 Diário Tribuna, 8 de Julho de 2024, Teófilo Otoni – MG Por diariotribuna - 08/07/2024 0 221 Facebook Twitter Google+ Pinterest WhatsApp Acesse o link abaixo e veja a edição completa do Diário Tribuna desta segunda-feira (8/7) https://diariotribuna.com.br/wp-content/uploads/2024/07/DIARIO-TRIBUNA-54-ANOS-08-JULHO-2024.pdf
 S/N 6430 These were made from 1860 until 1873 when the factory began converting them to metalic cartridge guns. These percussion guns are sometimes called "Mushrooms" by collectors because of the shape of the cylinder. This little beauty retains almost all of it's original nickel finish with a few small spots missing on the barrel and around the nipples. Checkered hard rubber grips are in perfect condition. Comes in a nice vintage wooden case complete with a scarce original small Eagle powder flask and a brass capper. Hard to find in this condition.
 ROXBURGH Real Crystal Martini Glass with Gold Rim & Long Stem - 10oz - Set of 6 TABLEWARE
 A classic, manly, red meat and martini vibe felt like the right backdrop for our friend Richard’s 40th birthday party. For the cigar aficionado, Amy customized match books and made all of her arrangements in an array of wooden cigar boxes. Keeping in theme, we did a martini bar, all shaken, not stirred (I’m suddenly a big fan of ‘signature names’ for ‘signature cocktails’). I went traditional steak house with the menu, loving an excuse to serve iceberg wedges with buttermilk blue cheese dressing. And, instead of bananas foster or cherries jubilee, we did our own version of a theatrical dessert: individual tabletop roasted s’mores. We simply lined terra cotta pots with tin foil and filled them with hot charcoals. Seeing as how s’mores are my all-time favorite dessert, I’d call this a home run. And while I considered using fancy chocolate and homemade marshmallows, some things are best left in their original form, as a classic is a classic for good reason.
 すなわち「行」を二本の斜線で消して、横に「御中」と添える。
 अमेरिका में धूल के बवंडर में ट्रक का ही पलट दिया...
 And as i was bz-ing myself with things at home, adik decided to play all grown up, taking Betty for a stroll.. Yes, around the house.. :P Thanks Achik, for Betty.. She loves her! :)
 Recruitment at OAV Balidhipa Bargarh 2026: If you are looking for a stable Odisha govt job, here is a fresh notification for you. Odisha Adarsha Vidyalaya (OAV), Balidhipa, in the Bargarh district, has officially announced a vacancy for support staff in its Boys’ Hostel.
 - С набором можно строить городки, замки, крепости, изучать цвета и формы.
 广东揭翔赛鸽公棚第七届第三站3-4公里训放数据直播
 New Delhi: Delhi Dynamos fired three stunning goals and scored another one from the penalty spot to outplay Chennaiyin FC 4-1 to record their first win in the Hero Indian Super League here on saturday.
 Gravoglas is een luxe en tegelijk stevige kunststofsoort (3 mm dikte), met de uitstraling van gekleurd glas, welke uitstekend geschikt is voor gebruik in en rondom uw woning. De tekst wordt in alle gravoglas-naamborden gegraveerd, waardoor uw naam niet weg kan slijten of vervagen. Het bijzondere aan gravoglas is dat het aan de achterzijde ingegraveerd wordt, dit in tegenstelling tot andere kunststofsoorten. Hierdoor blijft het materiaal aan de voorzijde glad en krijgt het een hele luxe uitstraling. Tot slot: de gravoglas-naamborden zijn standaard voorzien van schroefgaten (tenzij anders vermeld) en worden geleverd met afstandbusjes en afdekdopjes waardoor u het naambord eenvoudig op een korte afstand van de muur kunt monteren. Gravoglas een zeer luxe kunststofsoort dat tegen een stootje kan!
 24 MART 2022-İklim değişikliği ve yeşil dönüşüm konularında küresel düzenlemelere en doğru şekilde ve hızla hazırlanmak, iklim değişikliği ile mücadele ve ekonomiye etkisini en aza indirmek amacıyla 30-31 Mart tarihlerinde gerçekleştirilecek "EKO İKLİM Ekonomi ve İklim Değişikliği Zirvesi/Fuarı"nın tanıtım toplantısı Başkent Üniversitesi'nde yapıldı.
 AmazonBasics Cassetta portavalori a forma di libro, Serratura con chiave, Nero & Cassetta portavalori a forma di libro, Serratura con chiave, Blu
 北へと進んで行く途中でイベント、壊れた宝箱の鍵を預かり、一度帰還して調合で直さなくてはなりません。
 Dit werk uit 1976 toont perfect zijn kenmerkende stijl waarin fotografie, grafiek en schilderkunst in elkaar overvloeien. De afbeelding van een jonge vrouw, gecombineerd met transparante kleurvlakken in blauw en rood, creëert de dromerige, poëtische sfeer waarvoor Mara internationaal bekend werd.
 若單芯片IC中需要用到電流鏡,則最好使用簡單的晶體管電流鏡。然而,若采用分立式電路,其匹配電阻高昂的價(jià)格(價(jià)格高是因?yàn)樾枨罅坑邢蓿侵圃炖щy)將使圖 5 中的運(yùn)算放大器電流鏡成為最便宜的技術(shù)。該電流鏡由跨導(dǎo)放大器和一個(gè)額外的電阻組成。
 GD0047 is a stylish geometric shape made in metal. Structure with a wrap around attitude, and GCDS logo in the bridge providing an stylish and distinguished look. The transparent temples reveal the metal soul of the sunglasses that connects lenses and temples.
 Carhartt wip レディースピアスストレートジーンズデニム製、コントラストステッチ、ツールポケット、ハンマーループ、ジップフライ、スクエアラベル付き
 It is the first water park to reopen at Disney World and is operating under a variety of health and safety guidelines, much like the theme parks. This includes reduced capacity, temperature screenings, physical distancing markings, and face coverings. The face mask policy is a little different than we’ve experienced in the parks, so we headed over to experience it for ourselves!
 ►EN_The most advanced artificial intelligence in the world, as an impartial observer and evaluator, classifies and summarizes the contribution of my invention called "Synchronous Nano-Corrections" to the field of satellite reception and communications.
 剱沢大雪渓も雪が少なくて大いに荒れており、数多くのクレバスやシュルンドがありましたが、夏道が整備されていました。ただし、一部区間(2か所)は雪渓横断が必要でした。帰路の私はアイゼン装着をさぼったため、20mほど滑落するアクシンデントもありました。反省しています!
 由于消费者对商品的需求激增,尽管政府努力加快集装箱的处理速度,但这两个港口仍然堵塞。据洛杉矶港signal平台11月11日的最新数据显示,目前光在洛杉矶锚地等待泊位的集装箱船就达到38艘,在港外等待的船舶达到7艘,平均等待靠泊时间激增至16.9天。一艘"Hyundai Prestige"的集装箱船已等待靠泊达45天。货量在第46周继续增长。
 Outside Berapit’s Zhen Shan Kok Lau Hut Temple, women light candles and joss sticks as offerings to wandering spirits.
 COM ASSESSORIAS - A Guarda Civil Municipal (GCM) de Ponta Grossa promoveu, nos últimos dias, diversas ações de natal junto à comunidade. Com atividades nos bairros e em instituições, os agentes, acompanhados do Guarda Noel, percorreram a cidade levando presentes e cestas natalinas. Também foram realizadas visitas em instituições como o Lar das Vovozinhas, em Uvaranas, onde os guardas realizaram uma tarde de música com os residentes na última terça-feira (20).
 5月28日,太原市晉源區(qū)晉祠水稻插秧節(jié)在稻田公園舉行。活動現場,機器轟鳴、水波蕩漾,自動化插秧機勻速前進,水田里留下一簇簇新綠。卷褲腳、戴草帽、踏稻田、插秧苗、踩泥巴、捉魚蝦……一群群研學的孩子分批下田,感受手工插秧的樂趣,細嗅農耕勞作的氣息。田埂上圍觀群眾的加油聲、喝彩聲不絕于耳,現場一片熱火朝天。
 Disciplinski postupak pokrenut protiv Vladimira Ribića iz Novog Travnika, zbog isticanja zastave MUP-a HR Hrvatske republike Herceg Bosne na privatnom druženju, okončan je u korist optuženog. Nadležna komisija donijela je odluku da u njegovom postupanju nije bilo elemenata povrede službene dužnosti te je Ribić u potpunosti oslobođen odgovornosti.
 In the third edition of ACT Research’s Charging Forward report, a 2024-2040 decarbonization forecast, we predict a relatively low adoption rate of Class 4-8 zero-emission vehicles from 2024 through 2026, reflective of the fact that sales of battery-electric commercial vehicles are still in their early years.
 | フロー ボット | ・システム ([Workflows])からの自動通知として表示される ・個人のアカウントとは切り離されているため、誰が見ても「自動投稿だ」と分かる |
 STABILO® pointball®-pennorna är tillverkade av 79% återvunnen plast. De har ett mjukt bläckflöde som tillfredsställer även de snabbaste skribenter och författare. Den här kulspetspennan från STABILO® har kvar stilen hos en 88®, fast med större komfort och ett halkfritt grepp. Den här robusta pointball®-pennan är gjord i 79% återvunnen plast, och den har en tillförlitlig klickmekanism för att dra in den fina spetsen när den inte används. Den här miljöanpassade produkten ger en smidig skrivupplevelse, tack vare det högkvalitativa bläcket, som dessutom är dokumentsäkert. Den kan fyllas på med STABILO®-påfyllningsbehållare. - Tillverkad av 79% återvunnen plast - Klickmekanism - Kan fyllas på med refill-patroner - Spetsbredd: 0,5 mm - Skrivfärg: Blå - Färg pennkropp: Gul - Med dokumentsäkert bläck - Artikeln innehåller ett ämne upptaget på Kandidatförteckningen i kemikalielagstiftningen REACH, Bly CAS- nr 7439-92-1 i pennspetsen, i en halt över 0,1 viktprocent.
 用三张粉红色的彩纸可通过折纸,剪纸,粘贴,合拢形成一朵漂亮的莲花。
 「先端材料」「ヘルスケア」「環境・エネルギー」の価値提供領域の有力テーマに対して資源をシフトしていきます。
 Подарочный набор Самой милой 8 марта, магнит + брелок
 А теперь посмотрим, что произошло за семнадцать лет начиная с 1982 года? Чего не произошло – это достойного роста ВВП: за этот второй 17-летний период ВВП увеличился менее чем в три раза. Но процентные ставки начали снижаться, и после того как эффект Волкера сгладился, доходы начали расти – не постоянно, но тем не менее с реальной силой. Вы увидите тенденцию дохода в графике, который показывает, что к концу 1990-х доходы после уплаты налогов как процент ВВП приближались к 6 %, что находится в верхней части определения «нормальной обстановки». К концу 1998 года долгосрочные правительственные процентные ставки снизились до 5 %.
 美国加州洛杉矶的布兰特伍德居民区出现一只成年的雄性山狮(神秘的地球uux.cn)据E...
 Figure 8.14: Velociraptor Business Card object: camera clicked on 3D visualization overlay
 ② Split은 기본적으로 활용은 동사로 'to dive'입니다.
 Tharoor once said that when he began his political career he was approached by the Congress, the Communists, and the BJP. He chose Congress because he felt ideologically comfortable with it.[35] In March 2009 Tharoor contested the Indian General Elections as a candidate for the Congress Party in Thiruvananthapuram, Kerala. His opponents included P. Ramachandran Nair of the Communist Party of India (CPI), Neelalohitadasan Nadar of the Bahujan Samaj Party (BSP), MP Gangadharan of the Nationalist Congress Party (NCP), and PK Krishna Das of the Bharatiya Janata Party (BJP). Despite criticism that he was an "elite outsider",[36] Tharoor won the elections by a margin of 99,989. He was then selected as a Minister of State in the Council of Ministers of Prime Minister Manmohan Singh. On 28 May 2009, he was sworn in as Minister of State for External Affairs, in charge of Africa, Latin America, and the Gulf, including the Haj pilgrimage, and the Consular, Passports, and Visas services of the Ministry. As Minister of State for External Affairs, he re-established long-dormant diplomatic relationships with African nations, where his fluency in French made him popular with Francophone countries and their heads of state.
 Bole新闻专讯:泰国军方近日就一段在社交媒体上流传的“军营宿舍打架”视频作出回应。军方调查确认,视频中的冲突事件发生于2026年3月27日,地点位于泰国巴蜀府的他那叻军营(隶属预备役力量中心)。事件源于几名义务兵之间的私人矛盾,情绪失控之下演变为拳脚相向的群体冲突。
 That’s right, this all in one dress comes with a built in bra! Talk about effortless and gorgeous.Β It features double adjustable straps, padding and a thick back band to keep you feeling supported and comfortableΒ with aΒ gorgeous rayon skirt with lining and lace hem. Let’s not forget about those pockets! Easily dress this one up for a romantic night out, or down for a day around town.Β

- WORK TO BE COMPLETED -
Reproduce, with both ends included, the lines from the one holding "② Split은 기본적으로 활용은 동사로 'to dive'입니다." to the end of the records above.

- EXERCISE SOLUTION -
 ② Split은 기본적으로 활용은 동사로 'to dive'입니다.
 Tharoor once said that when he began his political career he was approached by the Congress, the Communists, and the BJP. He chose Congress because he felt ideologically comfortable with it.[35] In March 2009 Tharoor contested the Indian General Elections as a candidate for the Congress Party in Thiruvananthapuram, Kerala. His opponents included P. Ramachandran Nair of the Communist Party of India (CPI), Neelalohitadasan Nadar of the Bahujan Samaj Party (BSP), MP Gangadharan of the Nationalist Congress Party (NCP), and PK Krishna Das of the Bharatiya Janata Party (BJP). Despite criticism that he was an "elite outsider",[36] Tharoor won the elections by a margin of 99,989. He was then selected as a Minister of State in the Council of Ministers of Prime Minister Manmohan Singh. On 28 May 2009, he was sworn in as Minister of State for External Affairs, in charge of Africa, Latin America, and the Gulf, including the Haj pilgrimage, and the Consular, Passports, and Visas services of the Ministry. As Minister of State for External Affairs, he re-established long-dormant diplomatic relationships with African nations, where his fluency in French made him popular with Francophone countries and their heads of state.
 Bole新闻专讯:泰国军方近日就一段在社交媒体上流传的“军营宿舍打架”视频作出回应。军方调查确认,视频中的冲突事件发生于2026年3月27日,地点位于泰国巴蜀府的他那叻军营(隶属预备役力量中心)。事件源于几名义务兵之间的私人矛盾,情绪失控之下演变为拳脚相向的群体冲突。
 That’s right, this all in one dress comes with a built in bra! Talk about effortless and gorgeous.Β It features double adjustable straps, padding and a thick back band to keep you feeling supported and comfortableΒ with aΒ gorgeous rayon skirt with lining and lace hem. Let’s not forget about those pockets! Easily dress this one up for a romantic night out, or down for a day around town.Β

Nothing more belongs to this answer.